Sir Francis Bacon observed that knowledge is power. Back when he lived and information was scarce, that may have been true. But today, it would be better to say that knowledge empowers — as long as it’s what you need.

PART 1: THE DEVELOPMENT OF A LEADER

Why Should I Grow As A Leader?

Leadership ability is the lid that determines a person’s level of effectiveness.

Your leadership ability — for better or for worse — always determines your effectiveness and the potential impact of your organization.

The higher you want to climb, the more you need leadership. The greater the impact you want to make, the greater your influence needs to be.

Leadership has a multiplying effect.

To change the direction of the organization, change the leader.

To reach the highest level of effectiveness, you need to raise the lid of leadership ability.
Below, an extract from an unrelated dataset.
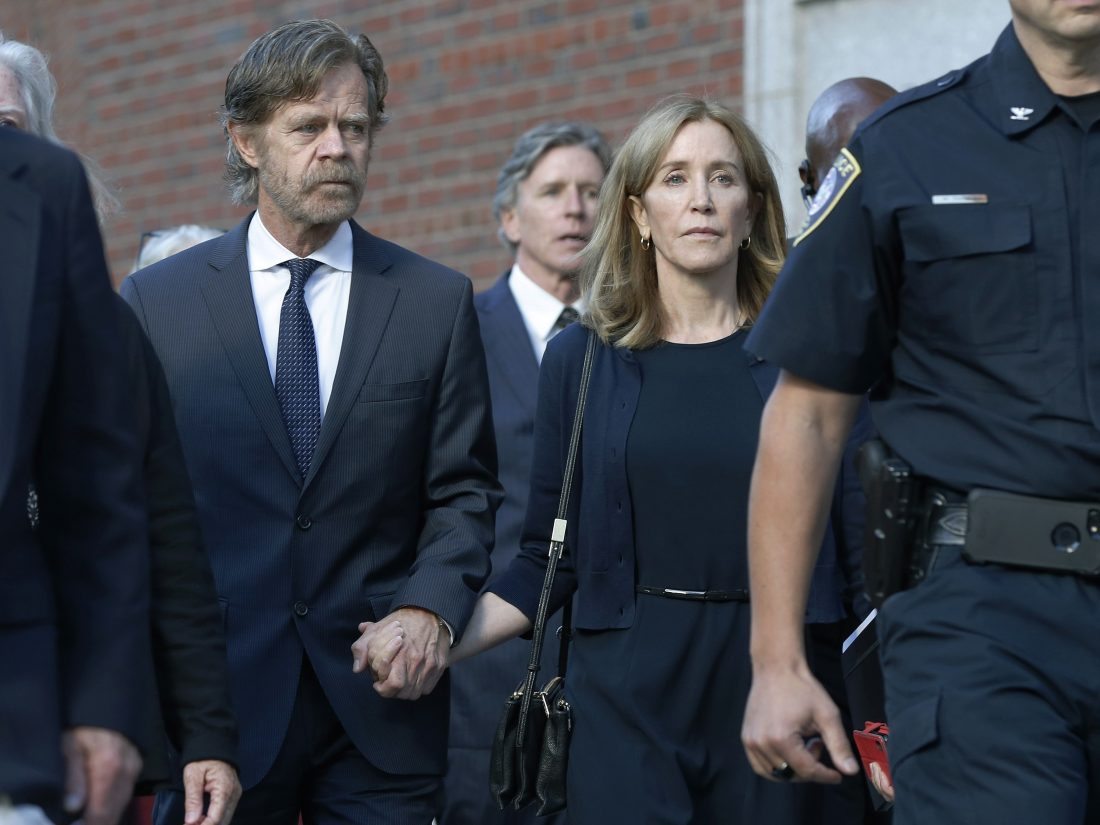 Felicity Huffman leaves federal court with her husband William H. Macy, left, and her brother Moore Huffman Jr. rear center, after she was sentenced in a nationwide college admissions bribery scandal, Friday, in Boston.

How Can I Grow As A Leader?

Leadership develops daily, not in a day.

What matters most is what you do day by day over the long haul.

“The secret of our success is found in our daily agenda.”

Leadership is complicated. It has many facets: respect, experience, emotional strength, people skills, discipline, vision, momentum, timing — the list goes on.

Leadership is influence.

The Four Phases of Leadership Growth:

  • Phase 1: I don’t know what I don’t know
  • Phase 2: I know what I don’t know
  • Phase 3: I grow and know and it starts to show
  • Phase 4: I simply go because of what I know

To be conscious that you are ignorant of the facts is a great step to knowledge.”
-Benjamin Disraeli

Successful leaders are learners. And the learning process is ongoing, a result of self-discipline and perseverance.

Whenever you come across a golden nugget of truth or a significant quote, file it away for the future.

There is an old saying: Champions don’t become champions in the ring — they are merely recognized there.

If you want to see where someone develops into a champion, look at his daily routine.

Boxing is a good analogy for leadership because it is all about daily preparation.

Leadership doesn’t develop in a day. It takes a lifetime.

PART 2: THE TRAITS OF A LEADER

How Can I Become Disciplined?

The first person you lead is you.

No matter how gifted a leader is, his gifts will never reach their maximum potential without the application of self-discipline.

Self-discipline: No one achieves and sustains success without it.

A Disciplined Direction:

  1. Challenge your excuses
  2. Remove rewards until the job is done
  3. Stay focused on results

If you lack self-discipline, you may be in the habit of having dessert before eating your vegetables.

If you know you have talent, and you’ve seen a lot of motion but little concrete results — you may lack self-discipline.

Look at last week’s schedule. How much of your time did you devote to regular, disciplined activities?

How Should I Prioritize My Life?

The discipline to prioritize and the ability to work toward a stated goal are essential to a leader’s success.

Success can be defined as the progressive realization of a predetermined goal.

Twenty percent of your priorities will give you 80 percent of your production.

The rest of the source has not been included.